8.1. Important Issues
This is where it starts to get really messy. We have discussed the production of three standards in this book, but there are hundreds of variations in the wild. This chaos has arisen because of a combination of the confusion of standards development, common misunderstandings about what constitutes valid XML, and a general agreement among the developers of feed-reading applications that they would parse invalid feeds at all costs. Indeed, it is because of these clashing versions of the RSS family that the Atom project was started in the first place.
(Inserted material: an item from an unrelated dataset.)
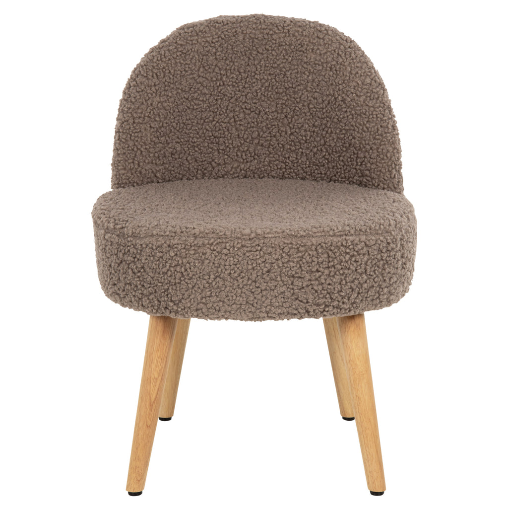 YASMINE Табуретка с много ниска облегалка, тапицирана с топла дамаска букле в светло КАФЯВ нюанс, с дървени крака в естествен нюанс. Нотка елегантност, съчетана с безброй цветови вариации и форми. Табуретката може да се комбинира с различни други мебели като допълнение, което ще завърши декорацията на вашето пространство. РАЗМЕРИ: 47x46x64.5H см. Височина на седалката: 40см. Размери на седалката: 47х39 см. Размер на гърба: 41х27см. Разстояние между краката: 33х33 см. МАТЕРИАЛ НА ИЗРАБОТКА: Табуретката е покрита с отлична материя от букле. Всяка тъкан, която има извиване на възел, се нарича букле. Изработено е от почти всички суровини (въпреки че обикновено е синтетично) със специални възли или силно усукани конци, така че да има къдрава повърхност. Не се мачка и може да бъде изчистена, меланжирана, карирана или туид. ПОДДРЪЖКА: Платът от букле можете да избършете с прахосмукачка, а при петна използвайте леко влажна кърпа. **Табуретката се доставя разглобена във фабрична опаковка

When it comes to parsing any given feed, therefore, you need to take one specific fact into account: the feed is probably invalid. This might seem harsh, but you have to remember that the RSS community went through a long period when the specifications were so loosely defined that it was hard to pin down exactly what was and wasn't valid. These feeds, and the systems that produce them, have not been revisited. Standards compliance aside, it's thought that at least 10% of feeds aren't even valid XML. This causes a lot of problems in itself.
The situation is improving, but you must remain aware of the problem. The most popular newsreader applications are built to be liberal parsers. That is, they act like modern web browsers and try to work round as many errors as they can. This tends to bring about a false sense of security that will betray you when you use your own parsing tools.
There is also a great deal of debate about whether or not it is right to use a liberal parser. The argument for strictness is that the RSS community would be better served by people's errors being pointed out to them. This may or may not be true, but it's a lost argument. The RSS community is now too big for any form of universal collaborative action, and no one is going to use a strict parser on a public web site and have it break in front of the rest of the world. The end user, after all, doesn't know or care about the technicalities discussed in this book. Liberal parsers, whether morally correct or not, have won the day.
Of course, there's only so far you can go with liberality, and even the most accepting of parsers will balk at the really badly formed feed. You are therefore advised to pay a lot of attention to generating well-formed feeds, despite the fact that if you do make a mistake, it will probably go unnoticed by the majority of your readers. The old adage to be strict in what you produce and liberal in what you accept has much application here.
The feed parsers available to us can be separated into two groups: those for display and those for programmatic use. The older, the Display Parsers, to coin a phrase, turn RSS and Atom into HTML. Programmatic Parsers, another neologism, turn RSS and Atom into internal structures within programs. There is only a little crossover.
8.1.1. Converting Atom to RSS
There really isn't a problem consuming both RSS and Atom in the same parser. By now, most of the useful libraries take both formats equally seriously. However, with Atom still in flux, there may be a time when the parsers' authors haven't caught up with a new specification. If you really must use a parser that supports only RSS or can't deal with the latest version of Atom, and yet you must also consume the latest Atom feeds, the only thing to do is convert the Atom feed to RSS. This can be done in two ways:
I don't recommend either option; it's far preferable, if Atom is going to be presented, to use an Atom-capable parser from the start. RSS is certainly never going to go away, but then again, neither is Atom.